Minicpm enabling #1342

pi314ever · 2024-09-19T01:04:31Z

What does this PR do?

Enables MiniCPM3 model for Causal LM. Follows #1133 in optimizing remote code. The following changes were added:

htcore.mark_step() between each decoder layer to reduce graph size
Add token_idx support passthrough to Attention implementations. (Currently incomplete, missing reset of cache)

Before submitting

This PR fixes a typo or improves the docs (you can dismiss the other checks if that's the case).
Did you make sure to update the documentation with your changes?
Did you write any new necessary tests?

pi314ever · 2024-09-20T21:23:17Z

Performance benchmark
Command:

python run_generation.py --model_name_or_path openbmb/MiniCPM3-4B  --max_new_tokens 512 --prompt "推荐5个北京的景点。" --batch_size 1 --temperature 0.7 --do_sample --top_p 0.7 --use_kv_cache --use_chat_template --use_hpu_graphs [--bf16]

throughput (tokens/s)	A100	Gaudi 2 (Graph mode)
BF 16	20.09	65.16
FP 32	23.89	44.46

libinta · 2024-11-12T05:34:03Z

optimum/habana/transformers/models/minicpm/configuration_minicpm.py

+# See the License for the specific language governing permissions and
+# limitations under the License.
+"""
+MiniCPM model configuration.
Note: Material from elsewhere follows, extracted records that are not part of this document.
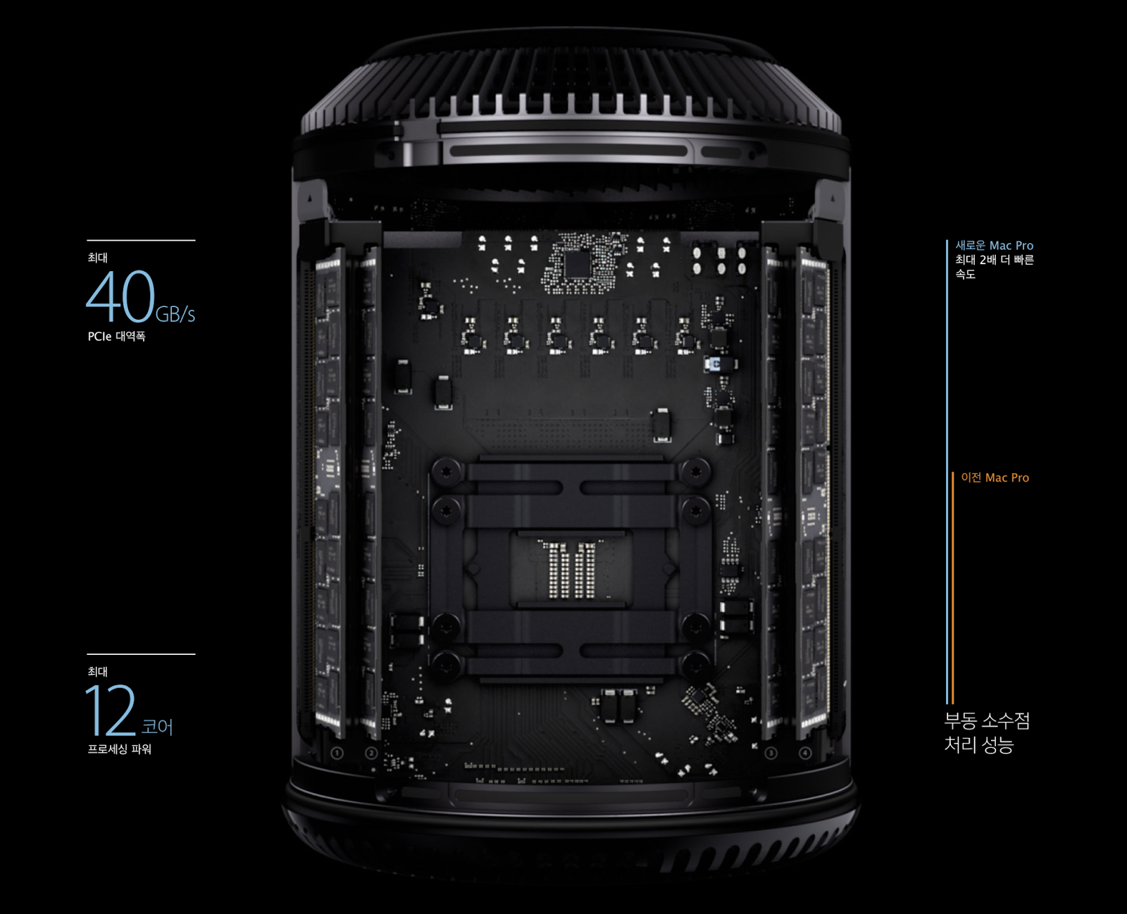 원형으로 만들 때의 장점을 고루 조합하며 최대한 공간을 절약하는 디자인으로 기존의 네모난 맥 프로와 경쟁하면서 등장한 새로운 맥 프로는 성능면에서도 놀라움을 줬고, 크리에이티브를 전업으로 하는 분들에게는 어떠한 로망같은 제품으로 탄생한 것이다.
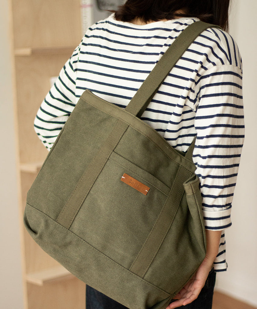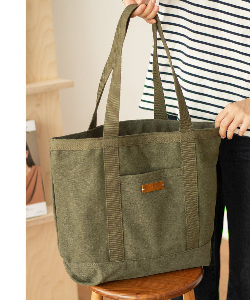 In summary, the Army Green Canvas Large Tote Bag is a practical, stylish, and eco-friendly accessory that meets the needs of both men and women. With its ample space, thoughtful design features, and durable construction, it is a reliable companion for work, daily activities, and shopping.
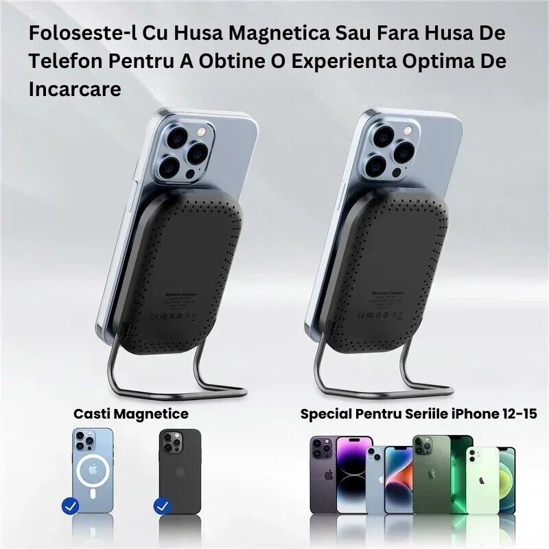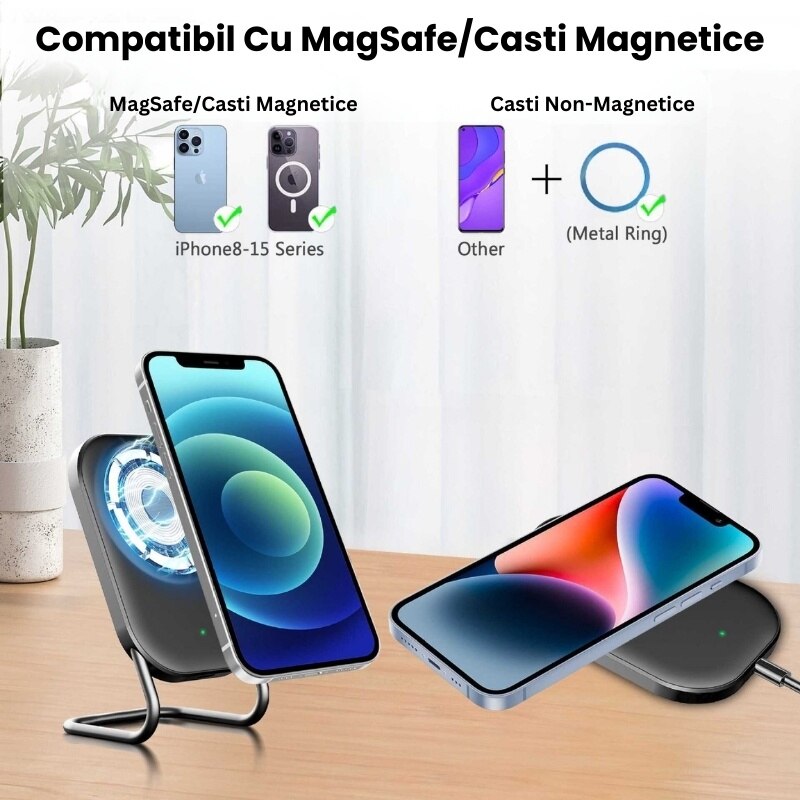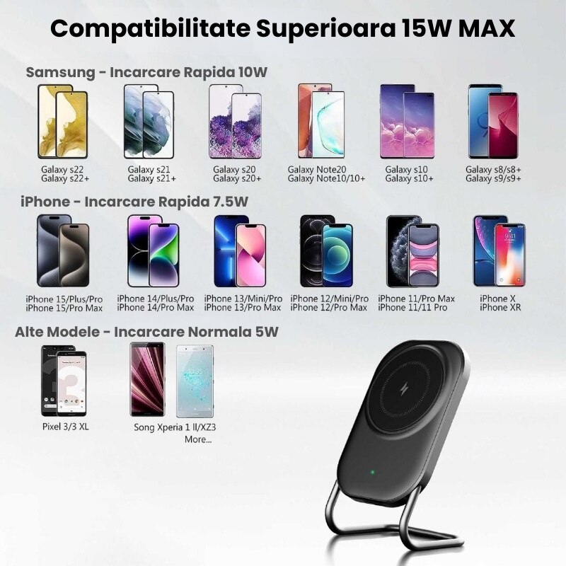 Incarcator Wireless Juvion™ 15W, Design Magnetic, Incarcare Rapida, Compatibil cu Toate Modelele iPhone, Samsung, Huawei, Xiaomi, Negru
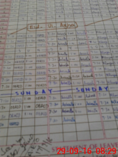 | CNIC | Full Name | Designation | R/C | Absence During Last Calender Month |
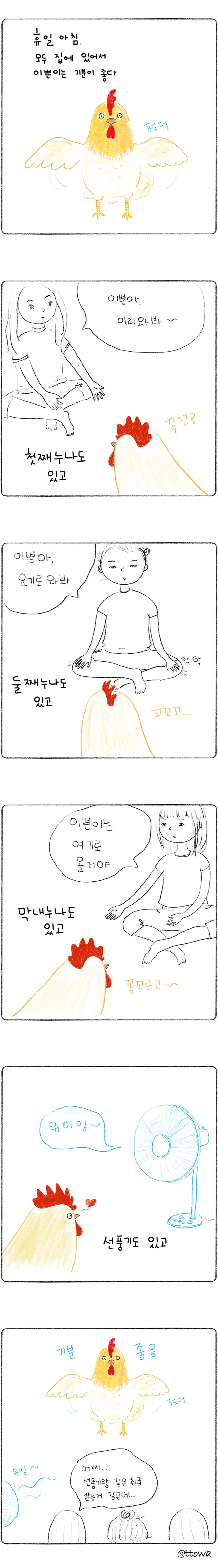 한 사람씩 얼굴을 들여다보던 이쁜이. 언니, 나, 동생, 그리고 선풍기에 차례로 눈길을 주더니 기분이 좋아 마구 활개를 치더니 꼬끼오를 외쳤다.
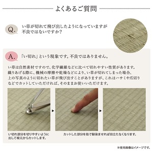 フルーツ柄のかわいらしい、い草のキッチンマットです。キッチンマットの不満を解消してくれる商品です。化繊もののキッチンマットと比べ、汚れにくくシミになりにくいです。小さなゴミでも、ほうきで掃く、掃除機をかけるだけで取り除くことができます。燃えにくい性質の素材のため火を使うキッチンでも安心してご使用いただけます。い草自体が持つ油分により汚れを弾くので洗う必要がなく長くご使用いただけます。裏地には国産のウレタンフォームを使用することで、丈夫でクッション性があり滑りにくくしました。キッチンに限らず様々な場所・シーンでお使いいただけます。
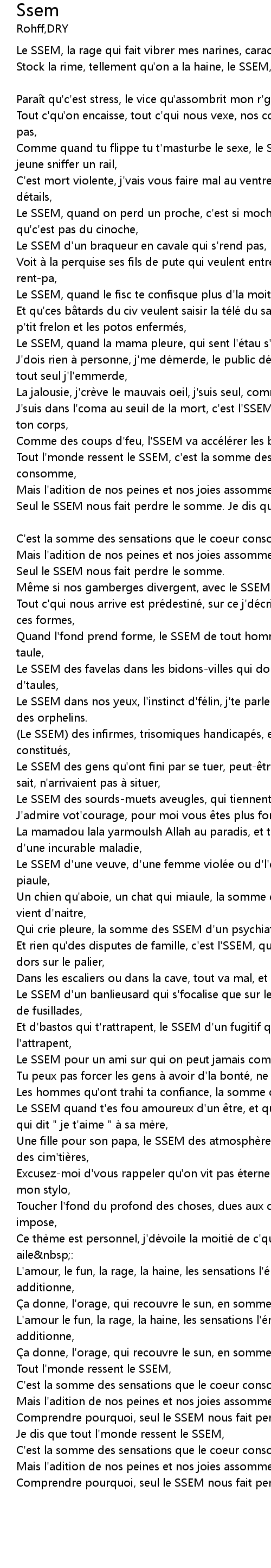 | Tout c' qui nous arrive est pré destiné, sur ce j' dé cris le SSEM dans toutes ces formes, | |

Copied from https://huggingface.co/openbmb/MiniCPM3-4B/tree/6fcf8b4e629d01a435b96e898899e0b6d9bddb7a


can you list what the change in each section?

The files with "Copied from..." did not have any changes, while the files with "Adapted from..." have changes. In modeling_minicpm.py, I added docstrings for each method that I changed with what I modified. Is this sufficient? Or should I add a generic summary on the file docstring as well?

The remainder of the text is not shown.